> Action item
Omit the pictures and return exactly the stretch of the material below from the line with "ଭୁବନେଶ୍ୱର : କେନ୍ଦ୍ର" through the line with "eo光は大きく分けて戸建て向".

─── Material for this exercise ───

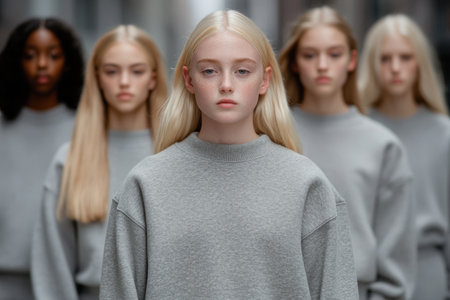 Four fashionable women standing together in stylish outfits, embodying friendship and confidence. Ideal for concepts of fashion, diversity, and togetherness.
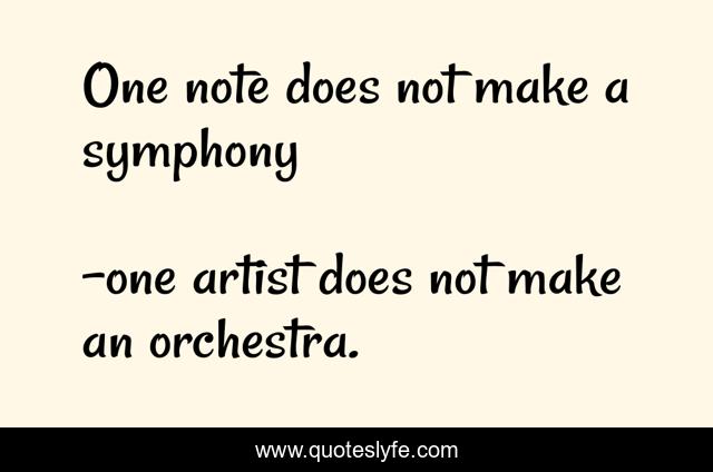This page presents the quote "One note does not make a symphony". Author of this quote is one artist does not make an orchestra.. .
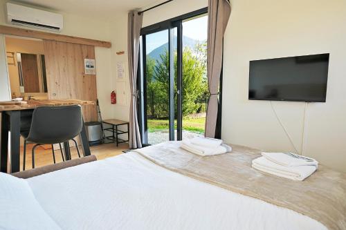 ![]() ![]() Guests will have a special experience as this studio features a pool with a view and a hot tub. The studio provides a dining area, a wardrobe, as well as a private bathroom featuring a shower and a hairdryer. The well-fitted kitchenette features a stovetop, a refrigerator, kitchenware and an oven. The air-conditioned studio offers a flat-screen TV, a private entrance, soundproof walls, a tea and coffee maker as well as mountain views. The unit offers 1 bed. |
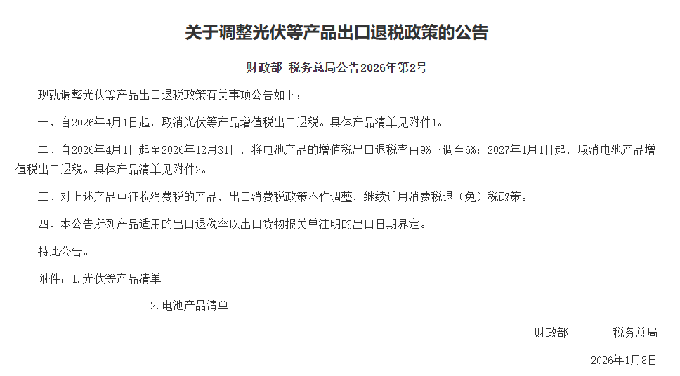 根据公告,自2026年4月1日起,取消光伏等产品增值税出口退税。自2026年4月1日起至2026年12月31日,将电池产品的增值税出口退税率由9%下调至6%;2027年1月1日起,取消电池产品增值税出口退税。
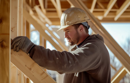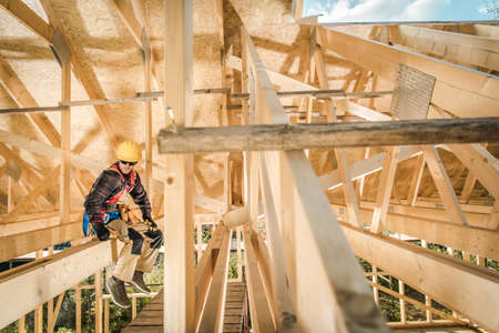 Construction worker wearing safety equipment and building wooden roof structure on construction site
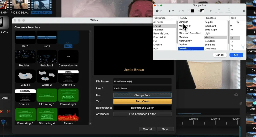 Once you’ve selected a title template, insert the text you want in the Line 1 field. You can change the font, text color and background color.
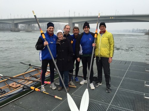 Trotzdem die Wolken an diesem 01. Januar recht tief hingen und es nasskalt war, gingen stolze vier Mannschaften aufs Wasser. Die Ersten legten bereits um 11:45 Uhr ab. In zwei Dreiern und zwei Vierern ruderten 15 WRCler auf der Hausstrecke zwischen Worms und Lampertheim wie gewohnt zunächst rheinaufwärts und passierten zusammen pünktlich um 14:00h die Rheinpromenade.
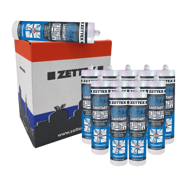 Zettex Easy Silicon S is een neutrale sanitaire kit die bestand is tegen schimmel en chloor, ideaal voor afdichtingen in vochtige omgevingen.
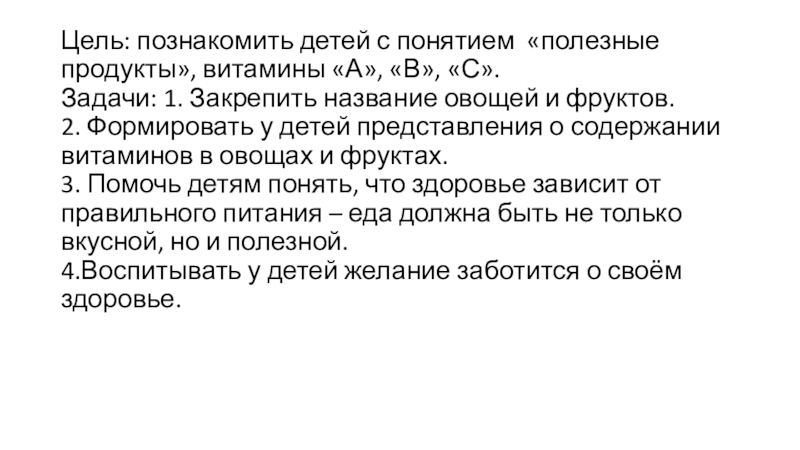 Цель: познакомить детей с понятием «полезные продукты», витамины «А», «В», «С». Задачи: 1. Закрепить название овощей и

───
─── Material for this exercise ───

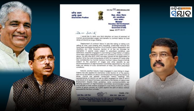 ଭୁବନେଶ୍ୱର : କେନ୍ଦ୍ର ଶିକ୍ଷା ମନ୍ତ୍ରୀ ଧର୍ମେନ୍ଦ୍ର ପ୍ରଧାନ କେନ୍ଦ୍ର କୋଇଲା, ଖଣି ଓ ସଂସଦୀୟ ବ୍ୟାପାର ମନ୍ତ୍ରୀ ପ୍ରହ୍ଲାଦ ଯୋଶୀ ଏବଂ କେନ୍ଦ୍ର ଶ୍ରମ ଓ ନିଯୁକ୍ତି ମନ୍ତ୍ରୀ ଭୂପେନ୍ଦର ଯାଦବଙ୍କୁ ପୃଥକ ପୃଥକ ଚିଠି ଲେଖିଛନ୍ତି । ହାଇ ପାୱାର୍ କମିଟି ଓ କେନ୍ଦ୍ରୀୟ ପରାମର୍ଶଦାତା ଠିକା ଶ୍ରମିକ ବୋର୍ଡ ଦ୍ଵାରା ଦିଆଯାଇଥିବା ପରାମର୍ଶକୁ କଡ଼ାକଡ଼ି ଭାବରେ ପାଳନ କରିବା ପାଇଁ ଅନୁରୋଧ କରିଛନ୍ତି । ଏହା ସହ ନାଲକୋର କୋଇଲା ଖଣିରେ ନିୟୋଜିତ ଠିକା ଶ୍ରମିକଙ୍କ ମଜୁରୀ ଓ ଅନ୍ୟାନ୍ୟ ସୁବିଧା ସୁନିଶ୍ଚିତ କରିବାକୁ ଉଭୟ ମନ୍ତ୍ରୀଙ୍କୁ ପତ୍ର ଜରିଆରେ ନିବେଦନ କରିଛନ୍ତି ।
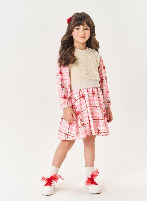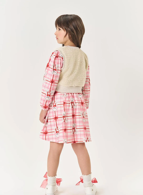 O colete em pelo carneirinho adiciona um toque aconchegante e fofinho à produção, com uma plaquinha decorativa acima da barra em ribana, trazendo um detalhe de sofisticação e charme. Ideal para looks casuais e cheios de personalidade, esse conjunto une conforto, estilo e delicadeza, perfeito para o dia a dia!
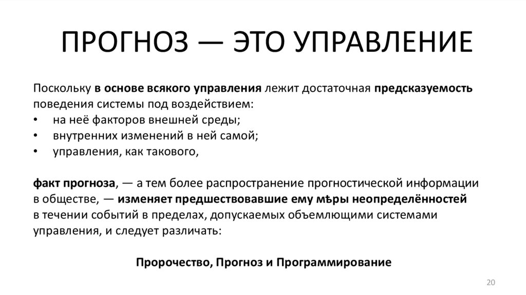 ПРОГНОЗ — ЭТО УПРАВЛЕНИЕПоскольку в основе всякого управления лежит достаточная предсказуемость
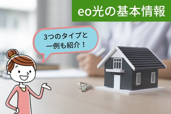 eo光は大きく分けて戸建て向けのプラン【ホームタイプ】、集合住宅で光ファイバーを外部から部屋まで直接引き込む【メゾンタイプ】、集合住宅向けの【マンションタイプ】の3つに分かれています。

───

> Exercise result
 ଭୁବନେଶ୍ୱର : କେନ୍ଦ୍ର ଶିକ୍ଷା ମନ୍ତ୍ରୀ ଧର୍ମେନ୍ଦ୍ର ପ୍ରଧାନ କେନ୍ଦ୍ର କୋଇଲା, ଖଣି ଓ ସଂସଦୀୟ ବ୍ୟାପାର ମନ୍ତ୍ରୀ ପ୍ରହ୍ଲାଦ ଯୋଶୀ ଏବଂ କେନ୍ଦ୍ର ଶ୍ରମ ଓ ନିଯୁକ୍ତି ମନ୍ତ୍ରୀ ଭୂପେନ୍ଦର ଯାଦବଙ୍କୁ ପୃଥକ ପୃଥକ ଚିଠି ଲେଖିଛନ୍ତି । ହାଇ ପାୱାର୍ କମିଟି ଓ କେନ୍ଦ୍ରୀୟ ପରାମର୍ଶଦାତା ଠିକା ଶ୍ରମିକ ବୋର୍ଡ ଦ୍ଵାରା ଦିଆଯାଇଥିବା ପରାମର୍ଶକୁ କଡ଼ାକଡ଼ି ଭାବରେ ପାଳନ କରିବା ପାଇଁ ଅନୁରୋଧ କରିଛନ୍ତି । ଏହା ସହ ନାଲକୋର କୋଇଲା ଖଣିରେ ନିୟୋଜିତ ଠିକା ଶ୍ରମିକଙ୍କ ମଜୁରୀ ଓ ଅନ୍ୟାନ୍ୟ ସୁବିଧା ସୁନିଶ୍ଚିତ କରିବାକୁ ଉଭୟ ମନ୍ତ୍ରୀଙ୍କୁ ପତ୍ର ଜରିଆରେ ନିବେଦନ କରିଛନ୍ତି ।
 O colete em pelo carneirinho adiciona um toque aconchegante e fofinho à produção, com uma plaquinha decorativa acima da barra em ribana, trazendo um detalhe de sofisticação e charme. Ideal para looks casuais e cheios de personalidade, esse conjunto une conforto, estilo e delicadeza, perfeito para o dia a dia!
 ПРОГНОЗ — ЭТО УПРАВЛЕНИЕПоскольку в основе всякого управления лежит достаточная предсказуемость
 eo光は大きく分けて戸建て向けのプラン【ホームタイプ】、集合住宅で光ファイバーを外部から部屋まで直接引き込む【メゾンタイプ】、集合住宅向けの【マンションタイプ】の3つに分かれています。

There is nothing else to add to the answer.